Независимо от того, обусловлена причинно связь между структурой обрамленного рассказа и синтаксической структурой, как заявляет Тодоров, или нет, его примеры четко демонстрируют, что две эти структуры изоморфны. Я уже замечал по поводу гипотетической модели идеального обрамленного рассказа (фиг. 4), что она напоминает мне, к примеру, о некоторых распространенных музыкальных формах и о выступлениях фокусников и акробатов. Я закончу - не столь смело, как Борхес или Тодоров, - предположив, что обрамленные рассказы, возможно, очаровывают нас из-за того, что их повествовательная структура отражает - просто или сложно - по крайней мере два формальных свойства не только синтаксиса, но и весьма обычного опыта и деятельности, а именно, с одной стороны, отступление (или отклонение) и возвращение, с другой - тему и вариации. Эти два свойства отнюдь не исключают друг друга, как свидетельствует сама структура настоящего эссе: отклонение и возвращение является вариацией на тему темы с вариациями. Мне бы хотелось, чтобы у меня было достаточно времени и места, чтобы показать вам, в чем модель обрамленного рассказа напоминает мне, к примеру, упражнения на батуте, приготовление пищи, таксономию, занятие любовью, научные исследования, спор, психоанализ, раскрытие преступлений, компьютерное программирование, судебные разбирательства и успехи моего маленького внука, который постепенно учится ходить. Если это предположение справедливо, эти изоморфности будет достаточно просто заметить.

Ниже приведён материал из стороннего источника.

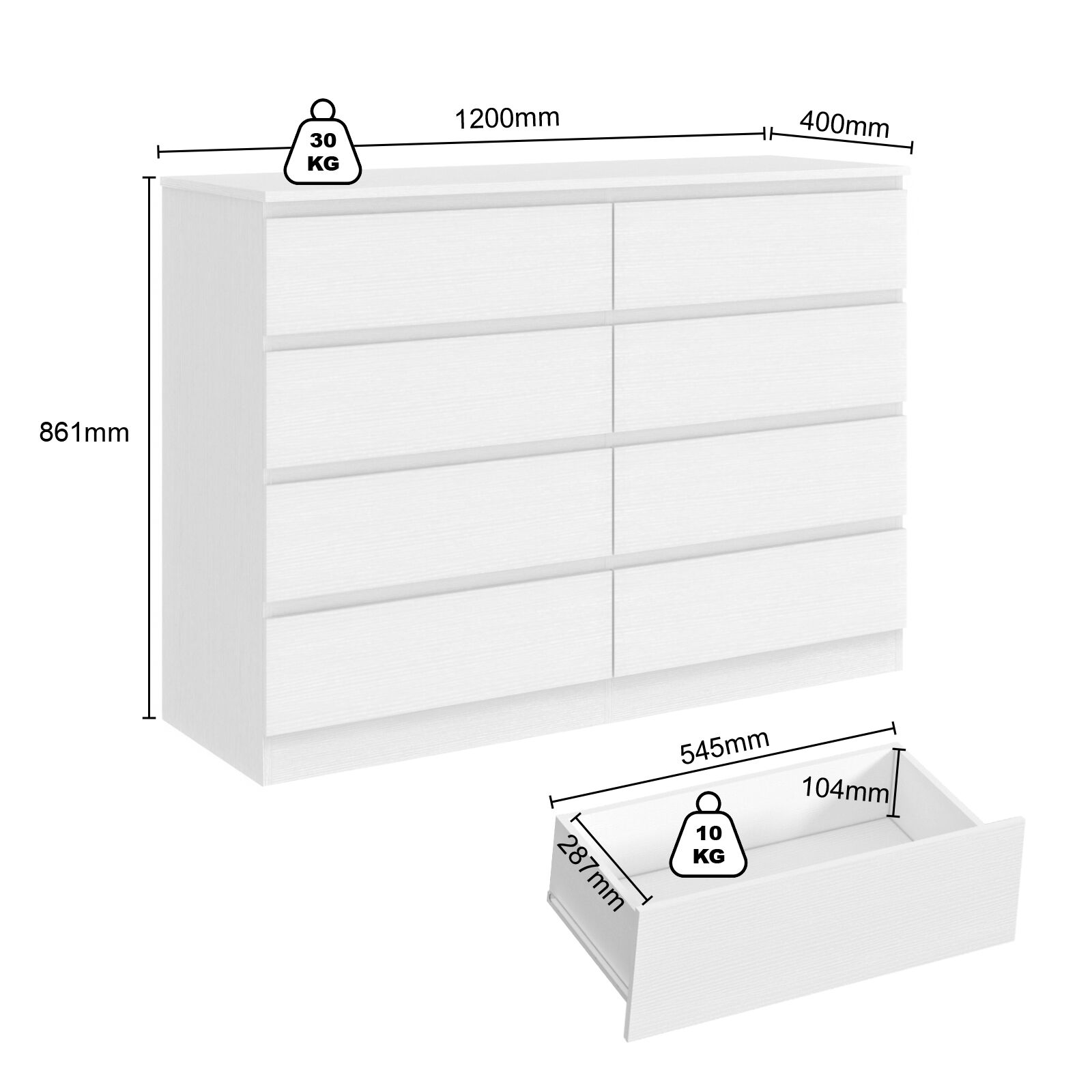 • 8 Chest of Drawers Assemble Size: Length 120cm x Width 40cm x Height 86.1cm.
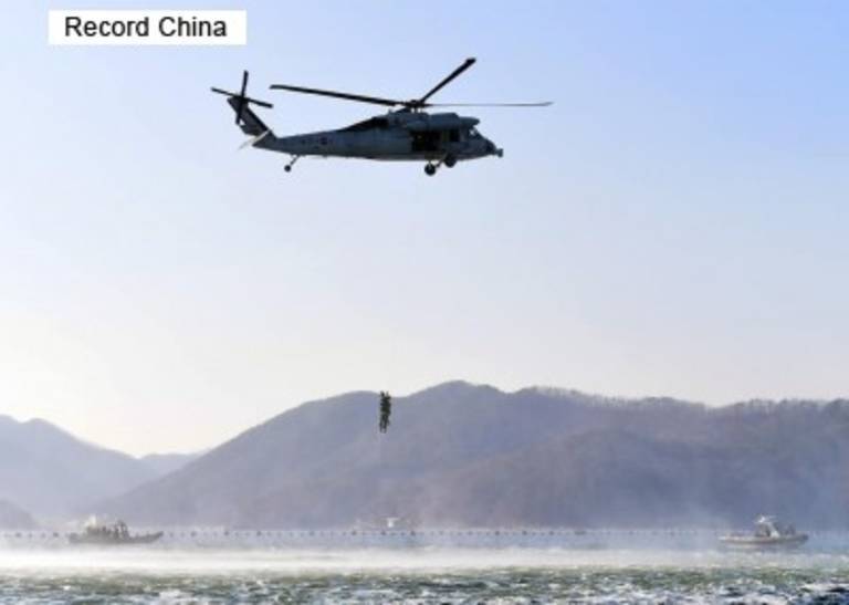 16日、韓国・朝鮮日報は、日本、米国、豪州、韓国による合同演習で、韓国海軍のヘリが初めて日本の海上自衛隊のヘリ空母に着艦する訓練を行ったと伝えた。資料写真(韓国国防部Facebookアカウントより)。(Record China)

Но я не могу не привести один пример из своего недавнего опыта: пример той структурной разновидности многажды отложенной кульминации, которую я зову "гвоздь-от-подковы". Он проиллюстрирует среди прочего общие формальные свойства рассказов в рассказах, погони за счастьем и покраски корабельного дна. Вот моя история.
В один прекрасный день у меня возникло желание, и оно не покидает меня до сих пор, вести разумно насыщенную, похвальную, полезную и, следовательно, счастливую жизнь. Преследуя эту цель, я навыдумывал самых лучших историй, каких только мог, чтобы занять и наставить на путь истинный себя и других, и помог в этой деятельности многочисленным писателям-ученикам, удержавшись от того, чтобы стать, к примеру, агентом ЦРУ, книжным обозревателем или же автором романов с зашифрованными реальными прототипами или документальных романов. На другом фронте я счастливым образом преуспел сподобиться жены, жизнью с которой я наслаждаюсь, дома на берегу моря, жизнью в котором я наслаждаюсь, и парусной лодкой, чтобы уплывать по этому морю из этого дома с этой женой для невинного семейного отдохновения, когда вся наша более серьезная работа уже переделана. Только и остается, что отдать швартовы.